FDA Approves Avastin in Combination With Chemotherapy for First-Line Treatment of Most Common Type of Lung Cancer
"Bevacizumab, in combination with chemotherapy, is the first therapy in 10 years to improve on standard first-line treatment for advanced lung cancer and the first FDA-approved therapy ever to extend survival for these patients beyond one year in a large, randomized clinical study," said Alan Sandler, M.D., director of Medical Thoracic Oncology at Vanderbilt-Ingram Cancer Center in Nashville, Tenn., and lead investigator on the E4599 trial. "With this survival benefit, bevacizumab represents an important therapy for many advanced lung cancer patients fighting this difficult disease."

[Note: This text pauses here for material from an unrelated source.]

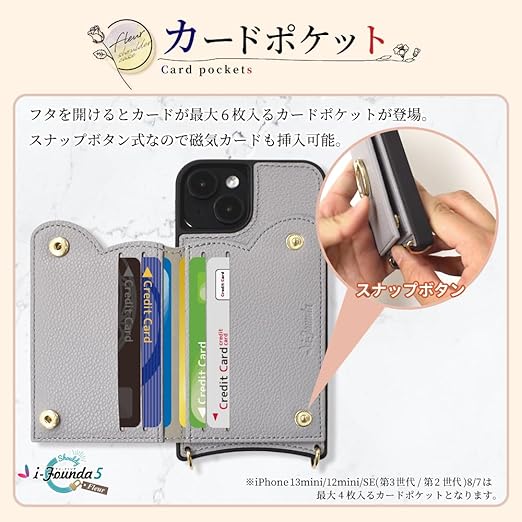 シズカウィル iPhone 16 Plus 用 ケース ショルダー カバー ショルダーストラップ アイファンデ5 ショルディー フルール アッシュローズ 1個入り a

The FDA approval for this new indication was based on results from E4599, a randomized, controlled, multi-center trial that enrolled 878 patients with unresectable, locally advanced, recurrent or metastatic non-squamous NSCLC. Patients with mixed histology were excluded if the predominant cell type was squamous. Results showed that patients receiving Avastin plus paclitaxel and carboplatin chemotherapy had a 25 percent improvement in overall survival, the trial's primary endpoint, compared to patients who received paclitaxel and carboplatin alone (based on a hazard ratio of 0.80). One-year survival was 51 percent in the Avastin plus chemotherapy arm versus 44 percent in the chemotherapy-alone arm. Median survival of patients treated with Avastin plus chemotherapy was 12.3 months, compared to 10.3 months for patients treated with chemotherapy alone.